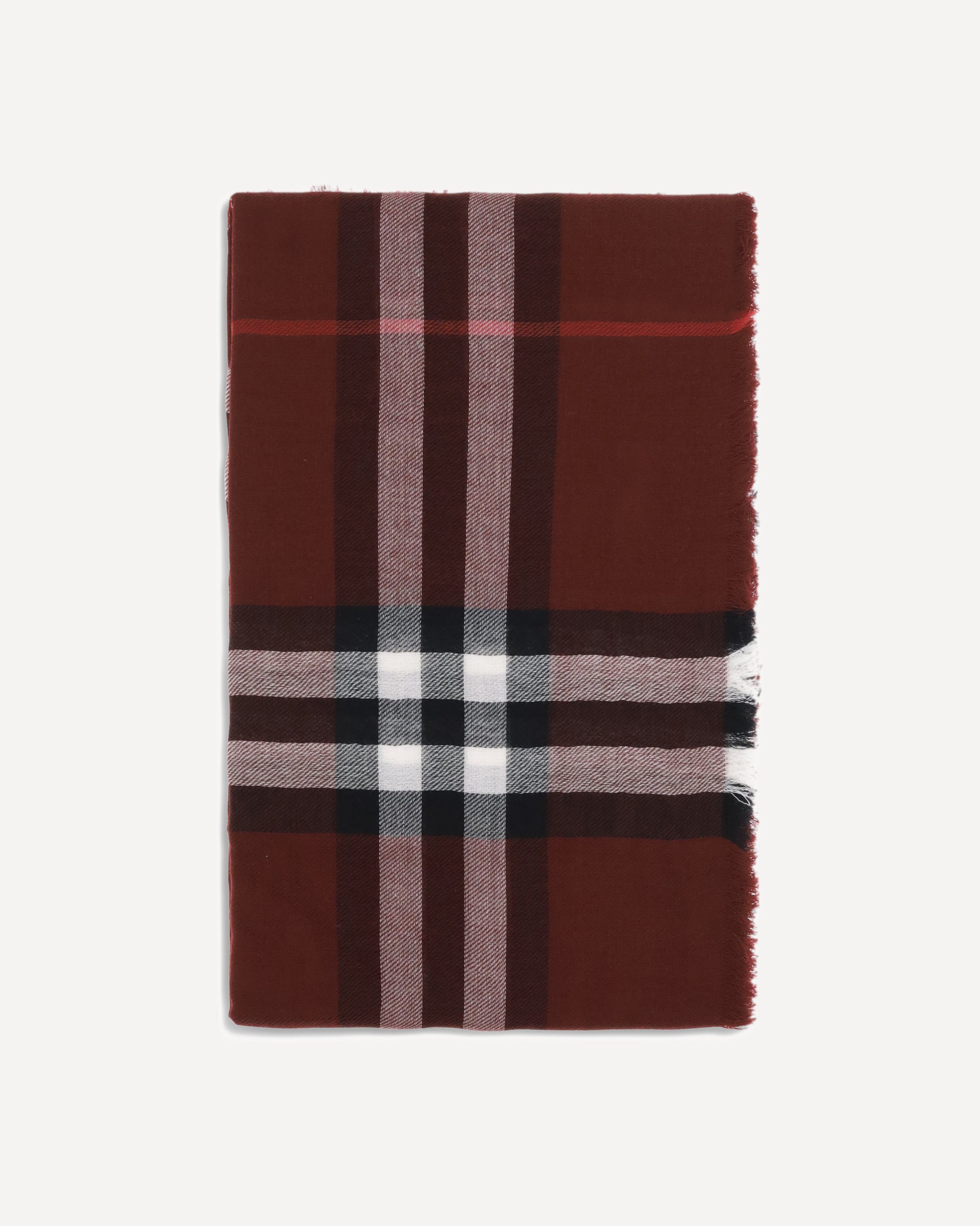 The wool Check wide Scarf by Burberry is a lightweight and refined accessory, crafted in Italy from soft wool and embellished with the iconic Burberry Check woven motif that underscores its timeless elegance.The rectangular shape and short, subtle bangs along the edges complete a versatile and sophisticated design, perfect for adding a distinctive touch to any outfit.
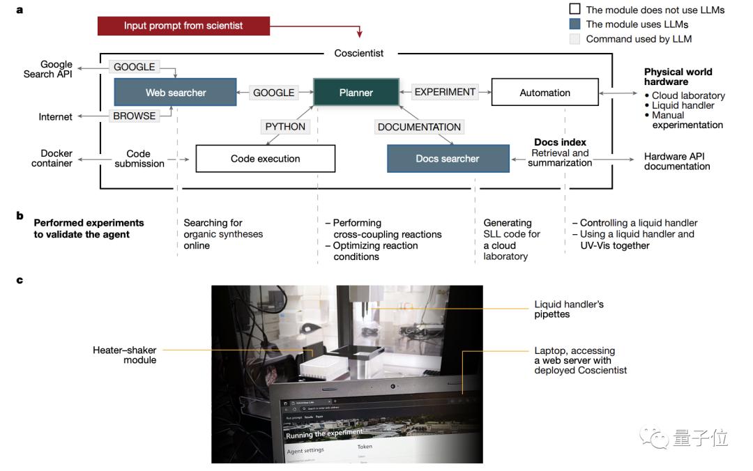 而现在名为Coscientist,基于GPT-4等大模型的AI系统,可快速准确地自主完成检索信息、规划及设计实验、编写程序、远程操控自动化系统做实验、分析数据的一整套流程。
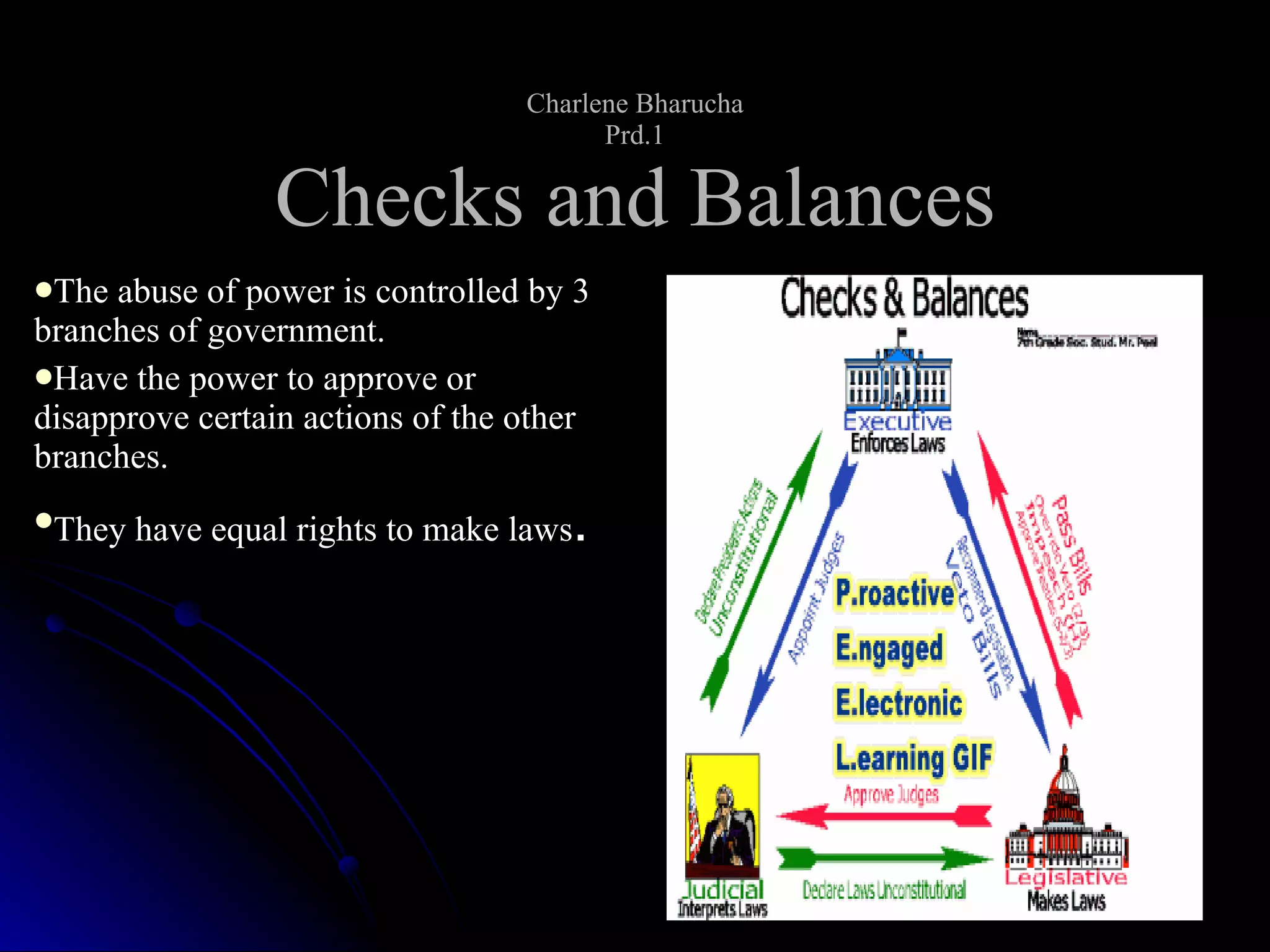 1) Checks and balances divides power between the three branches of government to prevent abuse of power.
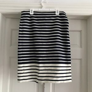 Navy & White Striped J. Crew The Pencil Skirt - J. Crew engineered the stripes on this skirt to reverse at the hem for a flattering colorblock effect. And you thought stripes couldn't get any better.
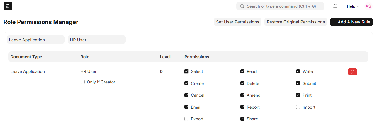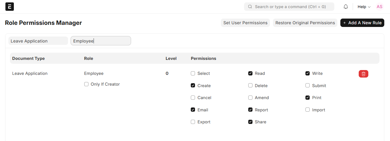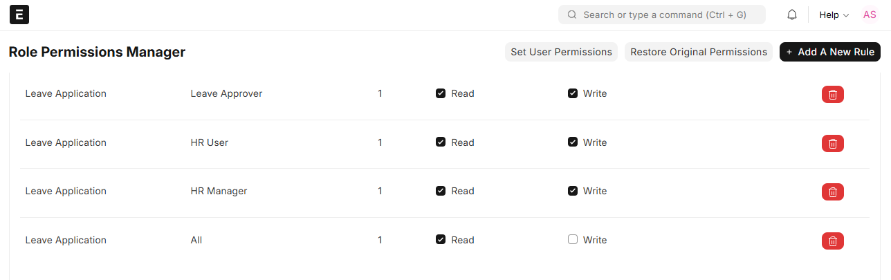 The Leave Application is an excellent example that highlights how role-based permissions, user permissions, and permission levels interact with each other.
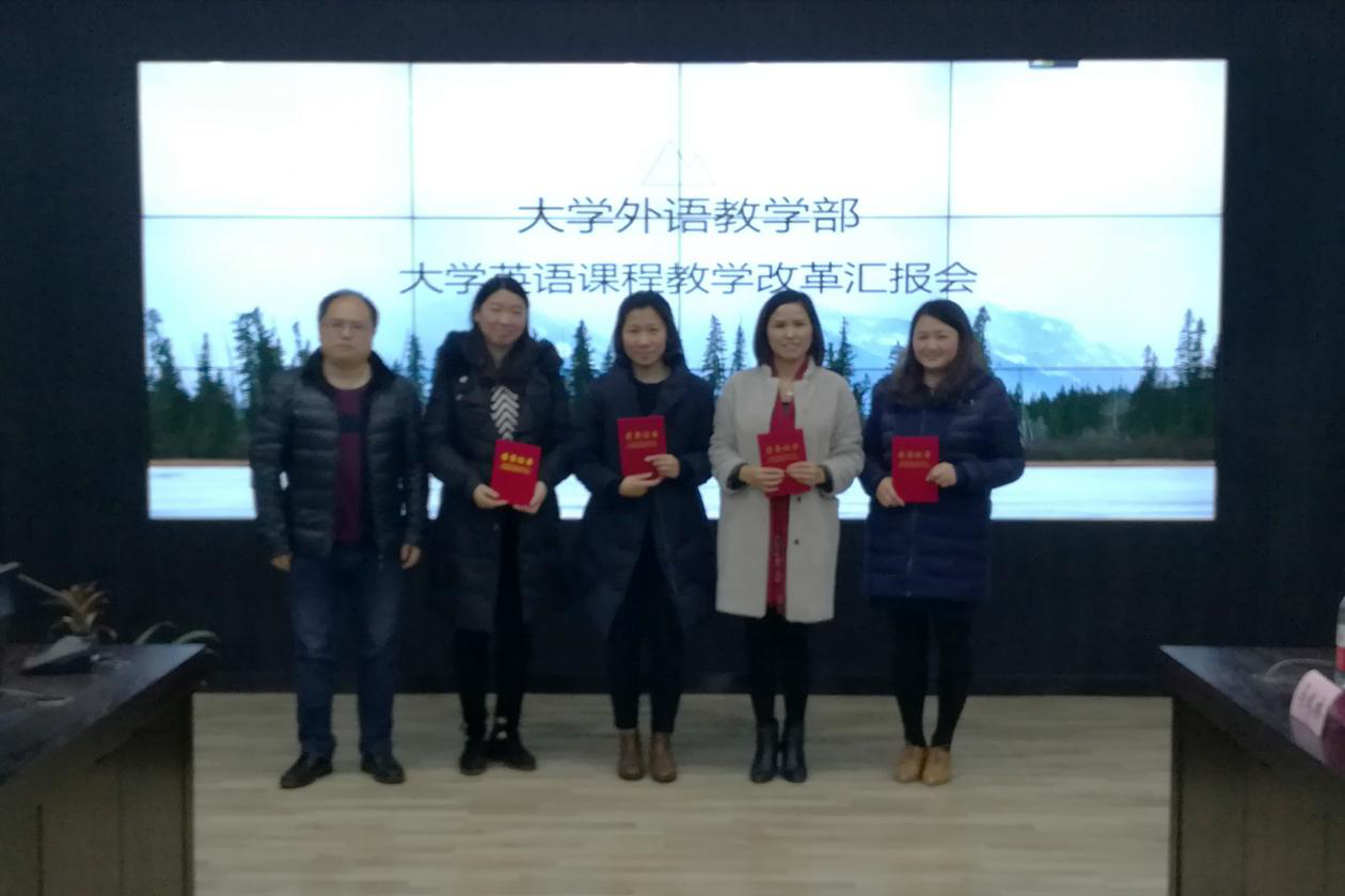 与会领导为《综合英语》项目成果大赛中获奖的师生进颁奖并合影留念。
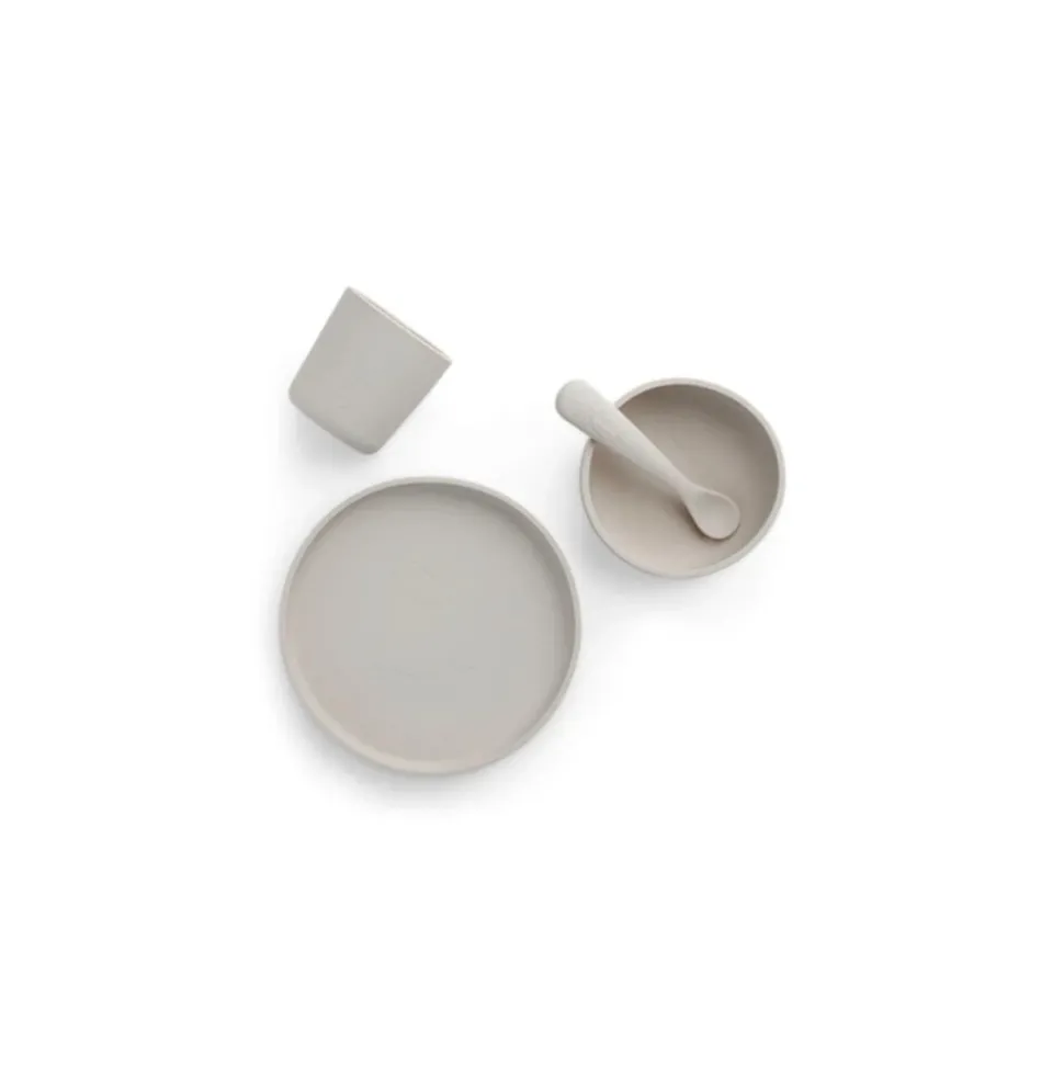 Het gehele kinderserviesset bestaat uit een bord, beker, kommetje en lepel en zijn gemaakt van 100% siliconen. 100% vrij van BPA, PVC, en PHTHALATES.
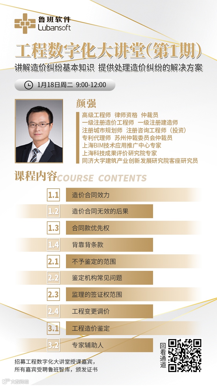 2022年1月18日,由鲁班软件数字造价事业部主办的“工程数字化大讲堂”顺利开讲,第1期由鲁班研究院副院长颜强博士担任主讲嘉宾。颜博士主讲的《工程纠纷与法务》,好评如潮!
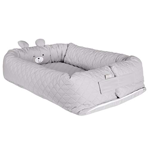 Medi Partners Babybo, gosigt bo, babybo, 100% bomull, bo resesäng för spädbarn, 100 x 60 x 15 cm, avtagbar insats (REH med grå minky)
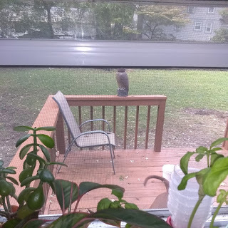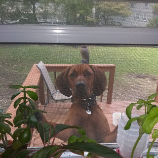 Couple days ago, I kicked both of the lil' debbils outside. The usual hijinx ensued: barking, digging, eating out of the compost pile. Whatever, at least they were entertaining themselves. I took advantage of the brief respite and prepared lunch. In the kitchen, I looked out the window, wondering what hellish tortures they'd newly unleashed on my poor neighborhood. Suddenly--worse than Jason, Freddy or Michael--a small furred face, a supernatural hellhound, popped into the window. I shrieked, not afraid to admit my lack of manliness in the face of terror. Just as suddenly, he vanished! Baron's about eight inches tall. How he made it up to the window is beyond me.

(REQUIRED WORK)
Now transcribe the lines above exactly, starting at the line containing "而现在名为Coscienti" and ending at the line containing "Medi Partners Babybo, gosigt", both lines included, pictures excluded.

(SOLUTION TO THIS TASK)
 而现在名为Coscientist,基于GPT-4等大模型的AI系统,可快速准确地自主完成检索信息、规划及设计实验、编写程序、远程操控自动化系统做实验、分析数据的一整套流程。
 1) Checks and balances divides power between the three branches of government to prevent abuse of power.
 Navy & White Striped J. Crew The Pencil Skirt - J. Crew engineered the stripes on this skirt to reverse at the hem for a flattering colorblock effect. And you thought stripes couldn't get any better.
 The Leave Application is an excellent example that highlights how role-based permissions, user permissions, and permission levels interact with each other.
 与会领导为《综合英语》项目成果大赛中获奖的师生进颁奖并合影留念。
 Het gehele kinderserviesset bestaat uit een bord, beker, kommetje en lepel en zijn gemaakt van 100% siliconen. 100% vrij van BPA, PVC, en PHTHALATES.
 2022年1月18日,由鲁班软件数字造价事业部主办的“工程数字化大讲堂”顺利开讲,第1期由鲁班研究院副院长颜强博士担任主讲嘉宾。颜博士主讲的《工程纠纷与法务》,好评如潮!
 Medi Partners Babybo, gosigt bo, babybo, 100% bomull, bo resesäng för spädbarn, 100 x 60 x 15 cm, avtagbar insats (REH med grå minky)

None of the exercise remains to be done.